Random.hclustering.validity {clusterv} | R Documentation |
Random hierarchical clustering and validity index computation using random projections of data.
Description
This function applies a hierarchical clustering algorithm to the data and then computes stability indices for the obtained cluster using multiple random subspace projections. The reliability of clusters discovered by a hierarchical clustering algorithm is assessed using randomized projections. The validity indices for each individual cluster, the overall validity index of the clustering and the AC indices are computed. Different hierarchical clusterings may be used (e.g. average, complete and single linkage or the Ward's method) as well as different randomized maps (e.g. PMO, Achlioptas, Normal, Random Subspace projections). It assumes that the label of the examples are integer starting from 1 to ncol(M).
Usage
Random.hclustering.validity(M, dim, pmethod = "RS", c = 3, hmethod = "average",
n = 50, scale = TRUE, seed = 100, AC=TRUE,
distance="euclidean")
Arguments
M |
matrix of data: rows are variables and columns are examples |
dim |
subspace dimension |
pmethod |
projection method. It must be one of the following: "RS" (random subspace projection) "PMO" (Plus Minus One random projection) "Norm" (normal random projection) "Achlioptas" (Achlioptas random projection) |
c |
number of clusters |
hmethod |
the agglomeration method to be used. This should be one of
"ward.D", "single", "complete", "average", "mcquitty", "median" or "centroid",
according to the |
n |
number of random projections |
scale |
if TRUE (default) the random projections are scaled |
seed |
numerical seed for the random generator |
AC |
if TRUE (default) the AC indices are computed. |
distance |
it must be one of the two: "euclidean" (default) or "pearson" (that is 1 - Pearson correlation). |
Value
a list with eight components: "validity", "overall.validity", "similarity.matrix", "dim", "cluster", "tree", "orig.tree", "orig.cluster":
validity |
a vector with the validity of each of the c clusters |
overall.validity |
validity index of the overall clustering |
similarity.matrix |
pairwise similarity matrix between examples |
dimension |
random projection dimension |
cluster |
list of the n clustering obtained by randomized hierarchical clustering |
tree |
list of the n trees obtained by the randomized hierarchical clustering |
orig.tree |
tree built in the original space |
orig.cluster |
list of the clusters in the original space |
AC |
matrix with the Assignment Confidence index for each example. Each row corresponds to an example, each column to a cluster (optional) |
Author(s)
Giorgio Valentini valentini@di.unimi.it
See Also
Achlioptas.random.projection
, Plus.Minus.One.random.projection
,
norm.random.projection
,random.subspace
,
Cluster.validity
, Validity.indices
, AC.index
Examples
# Assessment of the reliability of clusters discovered
# by hierarchical clustering using RS projections.

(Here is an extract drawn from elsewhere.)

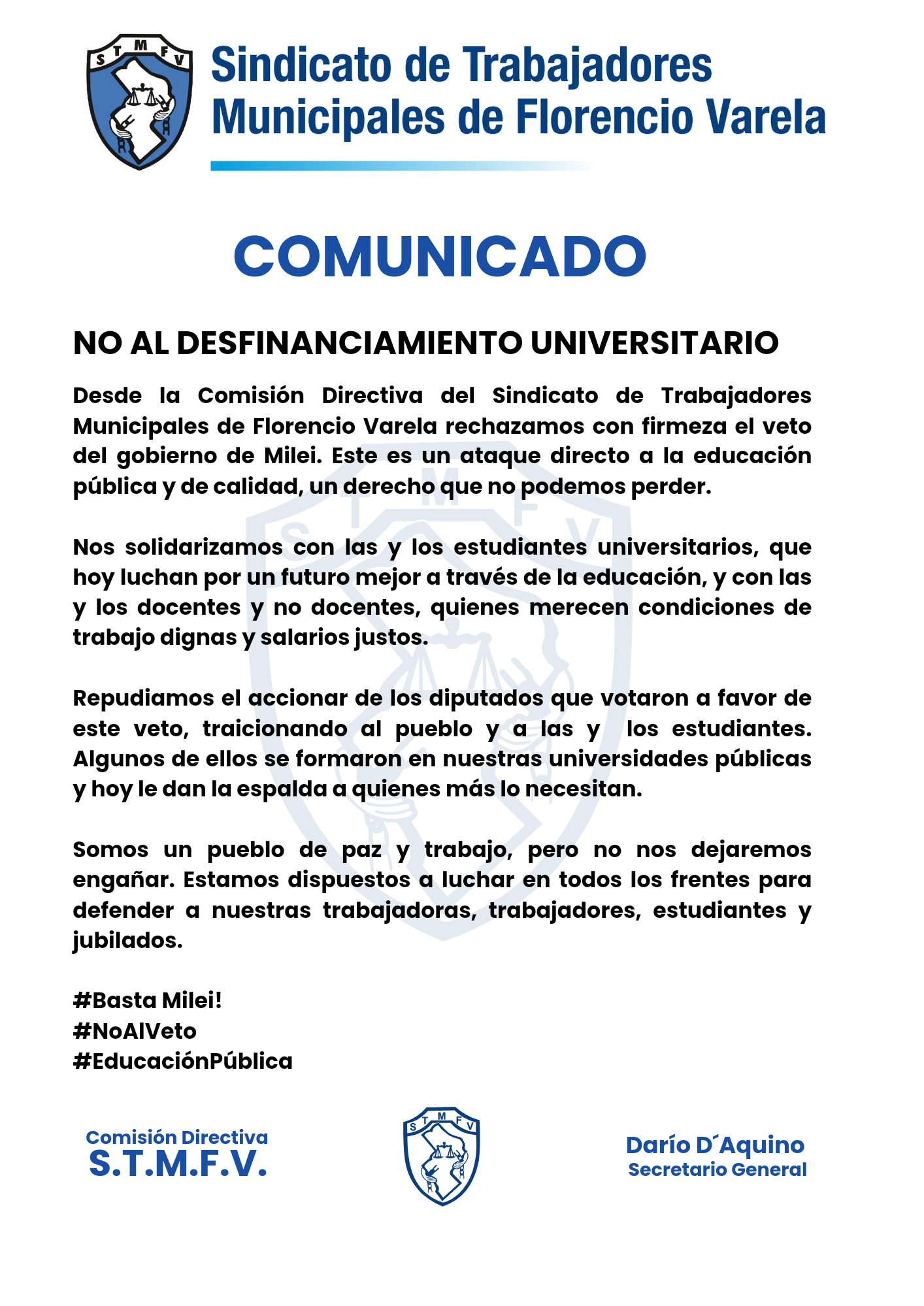 Desde la Comisión Directiva del Sindicato de Trabajadores Municipales de Florencio Varela rechazamos con firmeza el veto del gobierno de Milei. Este es un ataque directo a la educación pública y de calidad, un derecho que no podemos perder.

M <- generate.sample0(n=10, m=2, sigma=2, dim=800)
l<-Random.hclustering.validity(M, dim=30, pmethod = "RS", c = 3,
hmethod = "average", n = 20)
# The same as above, but using PMO projections.
l<-Random.hclustering.validity(M, dim=30, pmethod = "PMO", c = 3,
hmethod = "average", n = 20)
# The same as above, but evaluating clusterings with 5 clusters
l<-Random.hclustering.validity(M, dim=30, pmethod = "PMO", c = 5,
hmethod = "average", n = 20)
# The same as above, but evaluating clusterings with 10 clusters
l<-Random.hclustering.validity(M, dim=30, pmethod = "PMO", c = 10,
hmethod = "average", n = 20)
# Assessment of the reliability of the clusters using projections
# with limited distortion (max.
# expansion lower than 1.3 according to the Johnson Lindenstrauss lemma)
d <- JL.predict.dim(n=30, epsilon=0.3)
l<-Random.hclustering.validity(M, dim=d, pmethod = "PMO", c = 3,
hmethod = "average", n = 20)